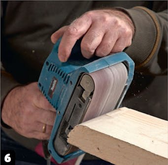 Det er alltid en god idé å avfase (altså avrunde) stolpekantene 1-2 mm. Da fjerner du den skarpe kanten som trebeskyttelse ikke hefter på, og som ofte inneholder ubehagelige fliser.
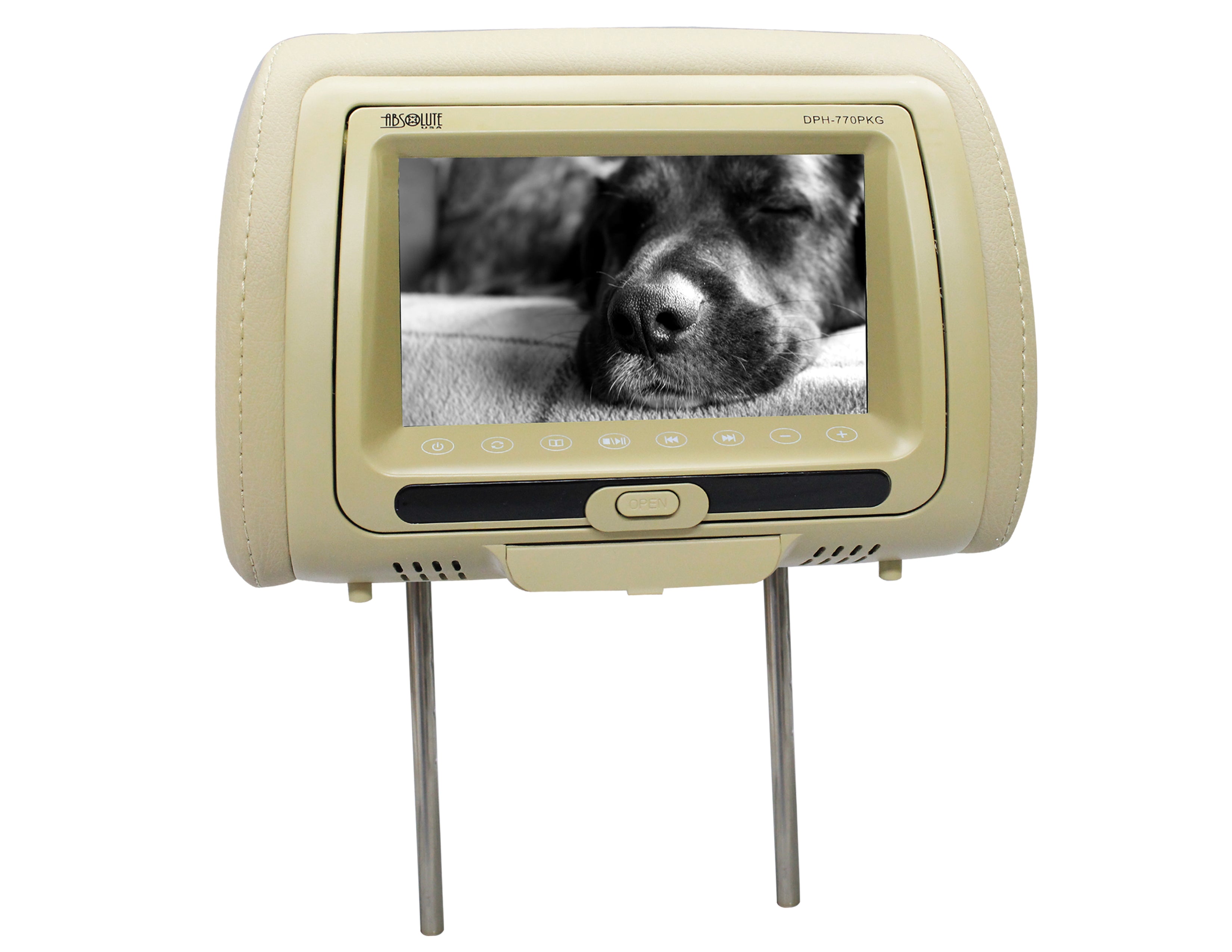 Absolute USA DPH-770PKGC 7.5-Inch Pair of Cream Tan Complete Headrest Monitors Includes one headrest with a built-in DVD/USB/SD multimedia player and one headrest monitor (display only).
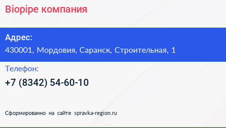 Biopipe, компания по адресу 430001, Мордовия, Саранск, Строительная, 1 в дальнейшем Организация, размещена в следующих категориях:
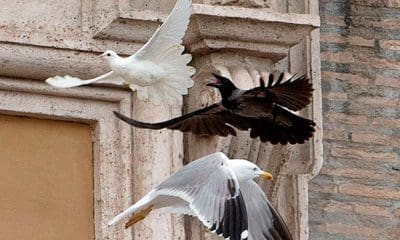 Tras el rezo del Ángelus en la Plaza de San Pedro el papa y dos niños liberaron dos palomas, símbolo de la paz, para abogar por...
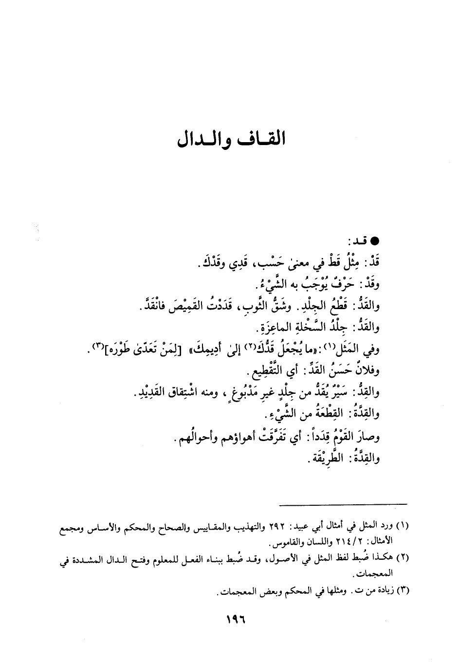 ؟ قد قَدْ : مِثْلُ قَطْ في معنى حَسْب ، قَدِي وقَدْكَ . وقَدْ : حَرْفٌ يُوْجَبُ به الشَّيْءُ . والقَدُّ : قَطْعُ الجِلْدِ . وشَقُّ الثَّوبِ ، قَدَدْتُ القَمِيْصَ فانْقَدَّ . والقَدُّ : جِلْدُ السَّخْلةِ الماعِزَةِ . وفي المَثَل : ' ما يُجْعَلُ قَدُكَ إلى أدِيمِكَ ' لِمَنْ تَعَدّى طَوْرَه . وفلانٌ حَسَنُ القَدَ : أي التَقْطِيع . والقِدُّ : سَيْرٌ يُقَدُّ من جِلْدٍ غيرِ مَدْبُوغٍ ، ومنه اشْتِقاق القَدِيْدِ . والقدَةُ : القِطْعَةُ من الشَيْءِ . وصارَ القَوْمُ قِدَداً : أي تَفَرَّقَتْ أهواؤهم وأحوالهم . والقِدَّةُ : الطَّرِيْقَة .
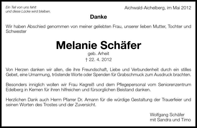 Hier finden Sie alle Traueranzeigen aus der Zeitung, die bisher für Melanie Schäfer erschienen sind. Weitere Traueranzeigen, die in der Zeitung erscheinen, werden hier ebenfalls aufgelistet
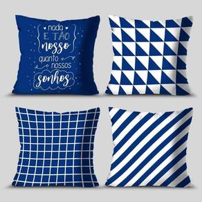 Kit 4 Capas de Almofadas Decorativa Nossos Sonhos Blue -
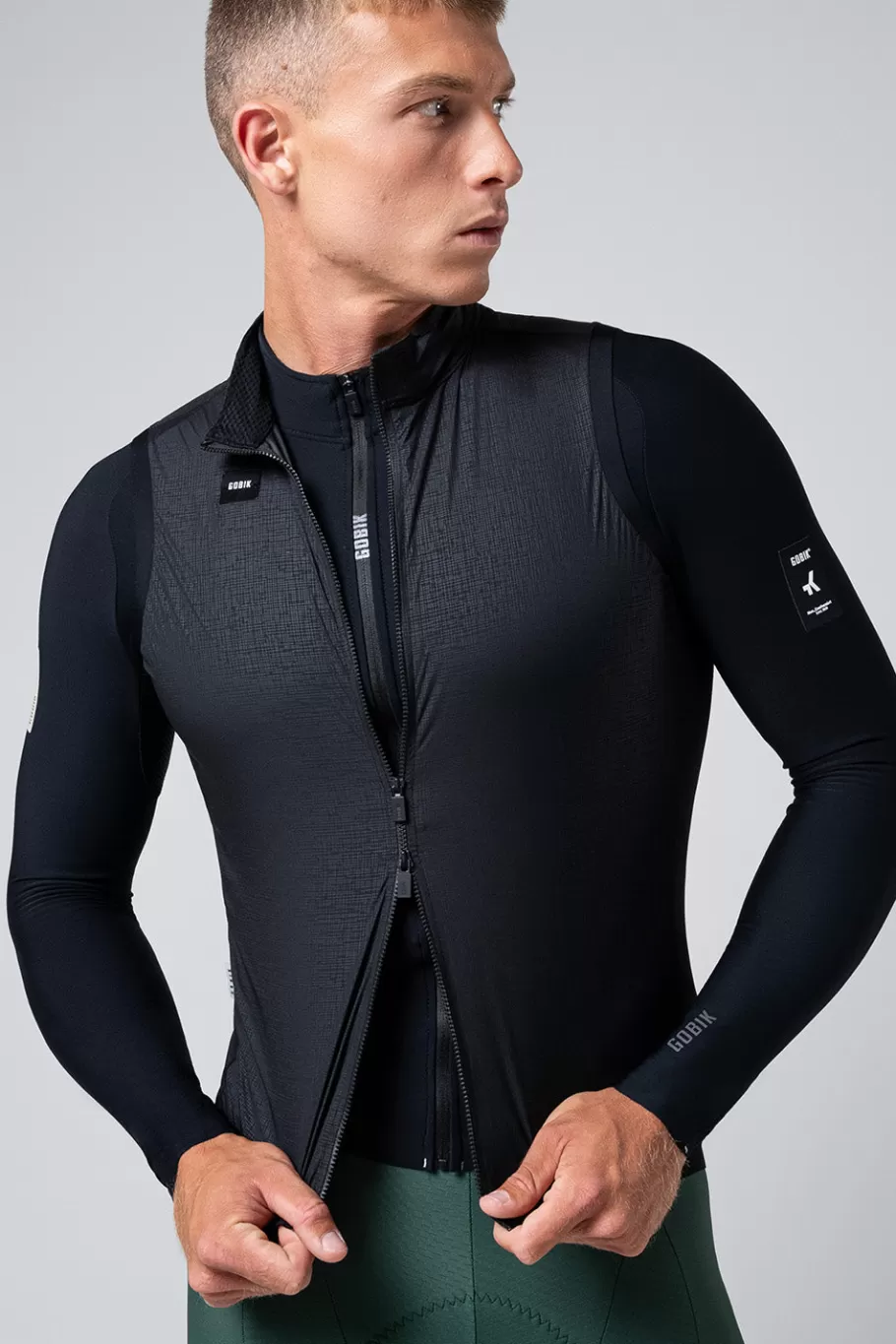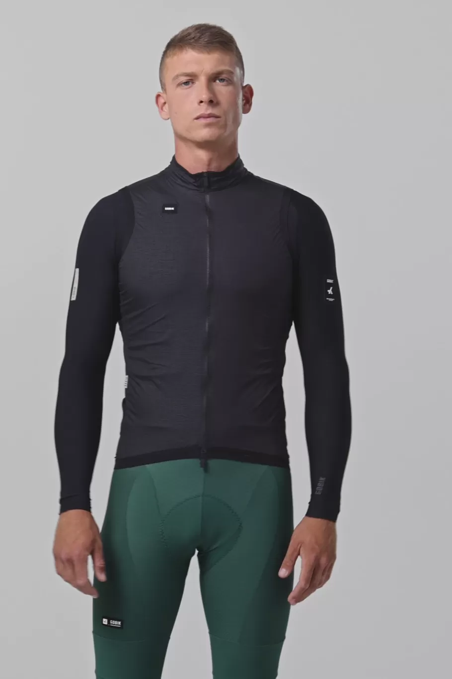 Ultraleicht und faltbar, mit einem neuen optimierten Muster, das die Aerodynamik auf dem Fahrrad verbessert. Es kombiniert Nylon und Elastan-Gewebe, die wirksamen Schutz mit großer Anpassungsfähigkeit bieten, dank seiner optimalen Elastizität. Das Rückenteil besteht aus einem ultraleichten, elastischen Gewebe, das die Restwärme ableitet, wenn man die Intensität erhöht. Bei dieser neuen Entwicklung wurden die Öffnungen am Rücken neu gestaltet, um einen einfachen Zugang zu den Trikottaschen zu ermöglichen.
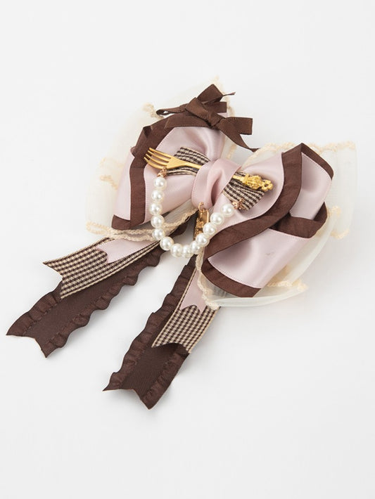 Lolita Sweet Hairclip/Brooch Brown White Party Tea Style Bowknot
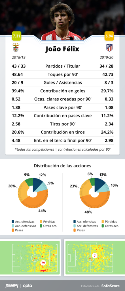 En el Benfica tenía más contacto con el balón, 48 toques de media por partido por los 43 en el Atlético. Remata más o menos lo mismo, 2,5 de media por choque en Portugal por los 2,3 en el cuadro colchonero. Más pases clave en Lisboa (1,3) que en Madrid (1,08). Y por supuesto menos participación en cuanto al total de goles, casi un 10%. En las ‘Águilas’ un 39,4% de los goles y en el club colchonero un 29,7%. Y lo sorprendente en este sentido es que Joao Félix dispara más en el Atlético de lo que lo hacía en el Benfica, casi un 4% más por partido.
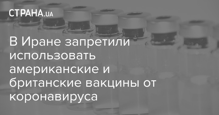 Верховный лидер Ирана Али Хаменеи запретил использовать в стране вакцины от коронавируса из Великобритании (в настоящее время это AstraZeneca - Ред.) и США (сейчас это препарат от Pfizer и BioNTech, а также Moderna - Ред.).
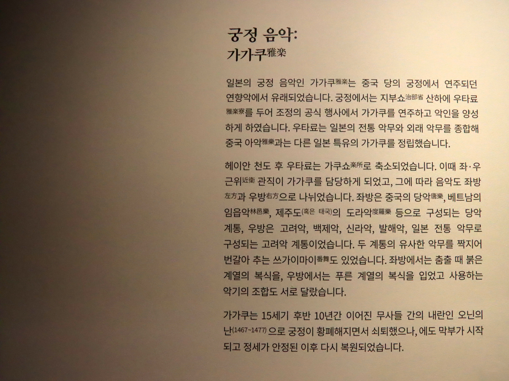 그 공간에 가면 가가쿠가 계속 흘러나오는데,

_ _ _ _ _ _ _

Exercise details: Repeat only the stretch of data above that runs from the line with "والقِدَّةُ : الطَّرِيْقَة ." to the line with "Kit 4 Capas". Keep both end lines; exclude pictures.

Result:
 ؟ قد قَدْ : مِثْلُ قَطْ في معنى حَسْب ، قَدِي وقَدْكَ . وقَدْ : حَرْفٌ يُوْجَبُ به الشَّيْءُ . والقَدُّ : قَطْعُ الجِلْدِ . وشَقُّ الثَّوبِ ، قَدَدْتُ القَمِيْصَ فانْقَدَّ . والقَدُّ : جِلْدُ السَّخْلةِ الماعِزَةِ . وفي المَثَل : ' ما يُجْعَلُ قَدُكَ إلى أدِيمِكَ ' لِمَنْ تَعَدّى طَوْرَه . وفلانٌ حَسَنُ القَدَ : أي التَقْطِيع . والقِدُّ : سَيْرٌ يُقَدُّ من جِلْدٍ غيرِ مَدْبُوغٍ ، ومنه اشْتِقاق القَدِيْدِ . والقدَةُ : القِطْعَةُ من الشَيْءِ . وصارَ القَوْمُ قِدَداً : أي تَفَرَّقَتْ أهواؤهم وأحوالهم . والقِدَّةُ : الطَّرِيْقَة .
 Hier finden Sie alle Traueranzeigen aus der Zeitung, die bisher für Melanie Schäfer erschienen sind. Weitere Traueranzeigen, die in der Zeitung erscheinen, werden hier ebenfalls aufgelistet
 Kit 4 Capas de Almofadas Decorativa Nossos Sonhos Blue -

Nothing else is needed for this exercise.